Recommendations to AWS ✨
While these adjustments may have been driven by capacity constraints, the way they were introduced and communicated leaves room for improvement. It doesn’t make sense to me why some quotas can’t be adjusted through the standard process and instead require a support ticket. This approach is unclear and confusing. At the same time, AWS must increase transparency and work closely with its partners to maintain trust and ensure a smooth experience for its customers.
- Clear Communication: Future changes should be announced via an official AWS blog, accompanied by detailed emails. AWS also overlooked the impact to AWS partners who handle demos but rely on customer-owned accounts. Provide a fixed timeline for implementations as here to ensure all users are well-informed and prepared.

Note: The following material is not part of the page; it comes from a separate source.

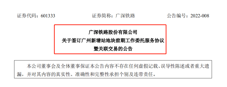 近日,广深铁路股份有限公司发布了一则关于签订广州新塘站地块前期工作委托服务协议暨关联交易的公告。
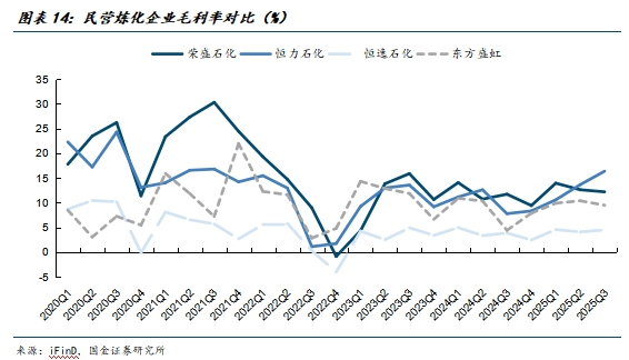 截至2025年底国内炼能已经达到9.73亿吨,已经接近10亿吨产能红线,26-27年仅有1500万吨在建的炼化产能。反内卷及老旧装置淘汰等政策有望加速推动炼油行业供给侧优化,炼厂盈利有望持续改善。公司控股子公司(持股比例51%)浙石化4000万吨/年炼化一体化项目于2022年初全面建成投产,是全国单体规模最大的炼化项目,具有较大的规模优势。凭借炼化一体化和分子炼油的优势,公司毛利率在民营炼化企业中较为领先,优势明显。公司2025Q3实现归母净利润2.86亿元,同比+1428%,主要来自于各产品价差修复,因此预计25年公司业绩将会有较大同比提升。

- Transparency: Provide more transparency on how quota reductions are calculated. Including details that allow an individual user to calculate / estimate what the target quotas will be.
- Harmonzied Quota Adjustment Process: Where possible, allow quota adjustments through the standard Service Quotas interface. If a support ticket is required, clearly explain the justification process and requirements for approval.
- Slighter reductions: The drastic 95% quota reductions - even for existing accounts actively using Amazon Bedrock - are very disruptive. Consider less disruptive changes, or limit the changes to new AWS accounts or accounts that don’t have access to the affected foundational model (FM)
- Support for Partners: Acknowledge the important role of AWS Partners and AWS Distributors and consider the impact on them when implementing such changes. This can also be included in regular Amazon Partner Network (APN) newsletter or in a PartnerCast to provide advance notice.
By addressing these areas, AWS can enhance the experience for its users and partners, rebuild trust and and better support its growing community of users and partners.